The plot is simple: since Lotte cannot live alone, she was taken to a country town bedsitter from her home, Manhattan. She longs to go back to the apartment in Manhattan, and her four friends, all about the same age with Lotte want to visit Lotte. But unfortunately they themselves are dependent and have no means to visit Lotte. Gradually, communication between Lotte and them grows apart from each other because of their old age.

This is a sad story, but it reveals the inevitable situation old people face sooner or later.

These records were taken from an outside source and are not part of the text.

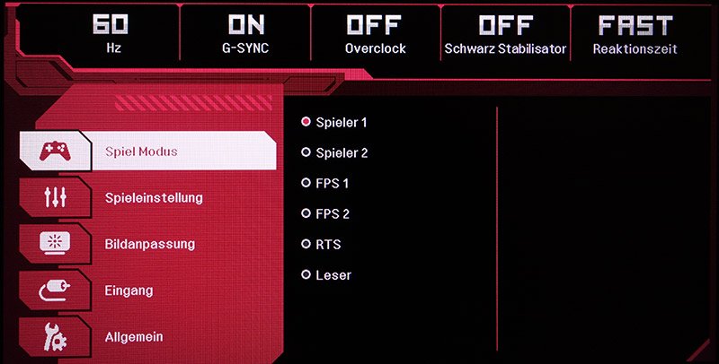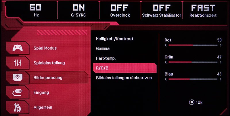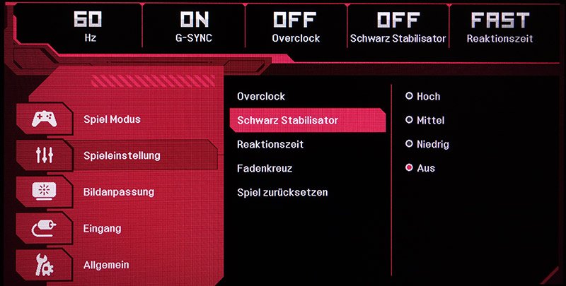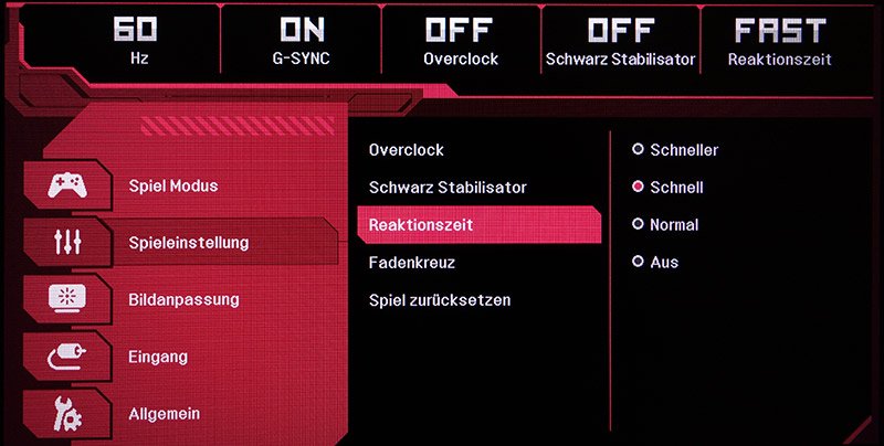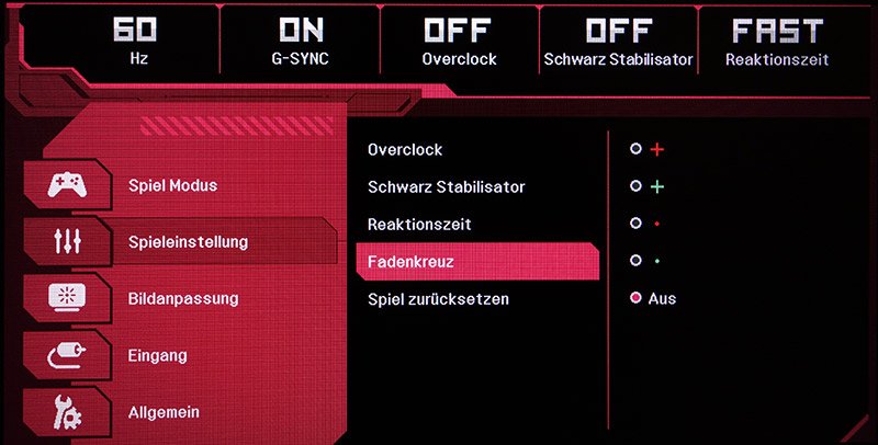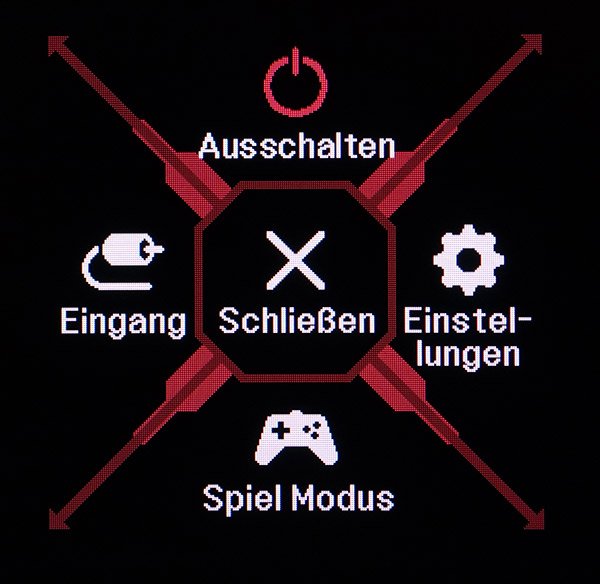 Mit dem Fünf-Wege-Trackball lässt sich sehr komfortabel durch das OSD navigieren. Die Einstellungen sind in fünf Kategorien gegliedert und sinnvoll zusammengefasst. Außerdem ist das OSD optisch ansprechend gestaltet. Am oberen Rand werden die für Gamer wichtigsten Einstellungen groß und immer sichtbar angezeigt.
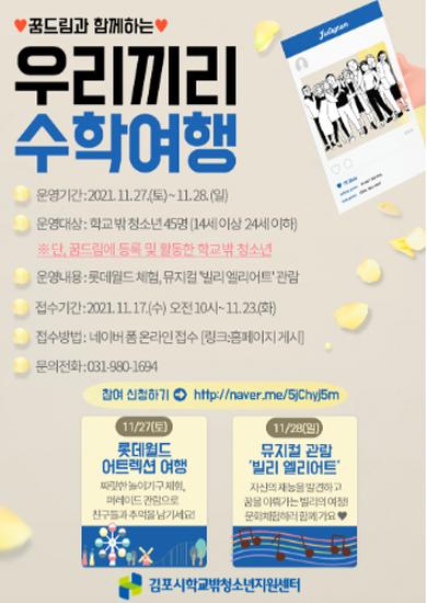 (재)김포시청소년재단 학교밖청소년지원센터는 수학여행의 기회가 없는 학교 밖 청소년들에게 ‘우리끼리 수학여행’을 일일 체험형으로 11월 27일 ~11월 28일까지 2일간 운영한다.
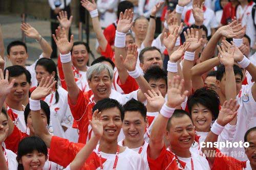 圖:圣火澳門傳遞 火炬手向觀眾致意
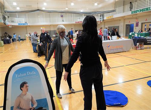 法轮功学员在展位旁做功法演示和教功,不少人被优美舒展的炼功动作所吸引,到展位前咨询,有的人还当场学炼法轮功。
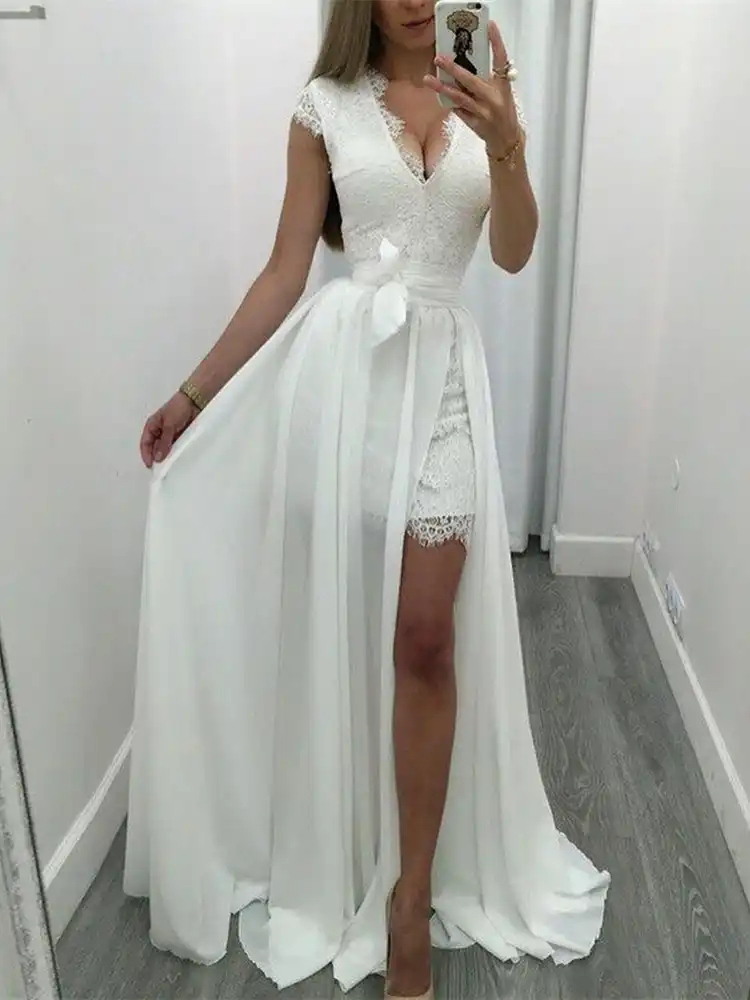 White Off Shoulder Lace Up Slit Spaghetti Strap Bodycon Wedding
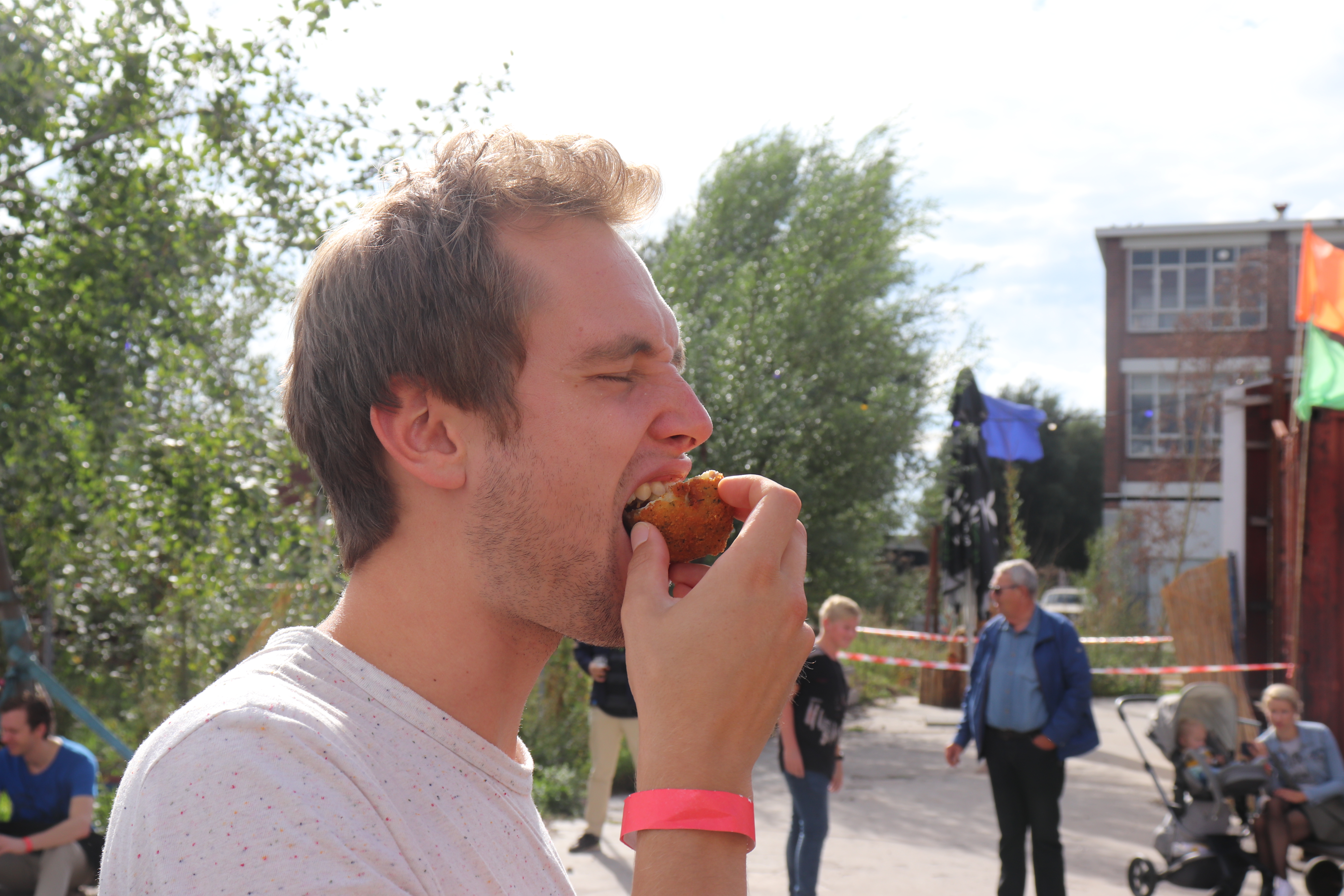 Zondag 9 september breekt dan eindelijk het moment aan waarvan menig Grunnings hart sneller gaat kloppen (nee, FC Groningen staat nog steeds zes plekken onder Heerenveen): het officiële eierbalfestival. De eierbal heeft in Groningen een koninklijke status. Het is dan ook niet zo gek dat er een heel festival aan deze snack wordt gewijd. Voor de nieuwe studenten die nog niet bekend zijn met deze gefrituurde parel: het is een hardgekookt (gepeld) ei, omhuld met ragout, beetje paneren en dan hup de frituur in. Zelf hebben we al menig eierbal om 03:00 ‘s nachts uit de muur getrokken. Dit spektakel konden we daarom natuurlijk niet missen.
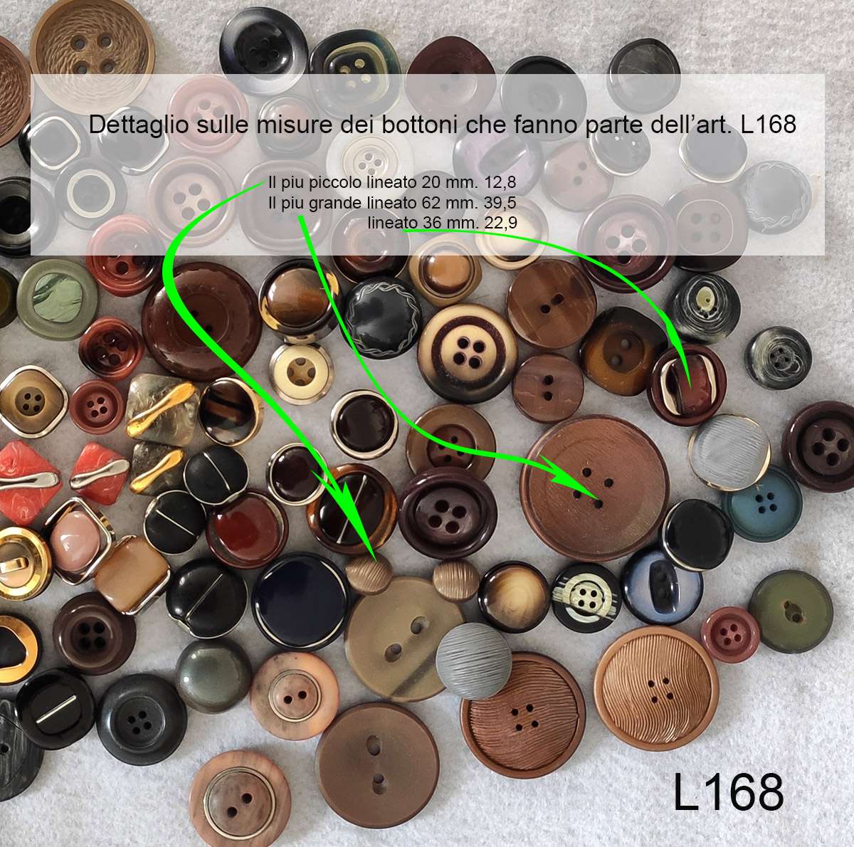 I bottoni che si possono vedere nelle foto di riferimento sono in realtà i bottoni che troverete nel lotto acquistato.

It is amazing that the writer wrote this short story at the age of 90 (she was born in 1928).

2017年3月16日木曜日

Cold Little Bird by Lore Segal

  This is a very interesting short story. The main theme is the problem of generation gap. It describes the worries Martin has about his son Jonah, a precocious boy. The argument between them about the 9/11 was so vividly described that it absorbed me thoroughly. Probably any parent feels sad or threatened by his/her child who has grown up and speaks up what he wants to say.
  The story is a little exaggerated but the exaggeration makes the it comical in a black humor way. The ending was suggestive: since Jonah is reading a children’s book, “The Short,” the conflict between them seems to have been subsided, but in reality, as the boy’s body is glowing with electricity, the two have the probability to crash with each other again.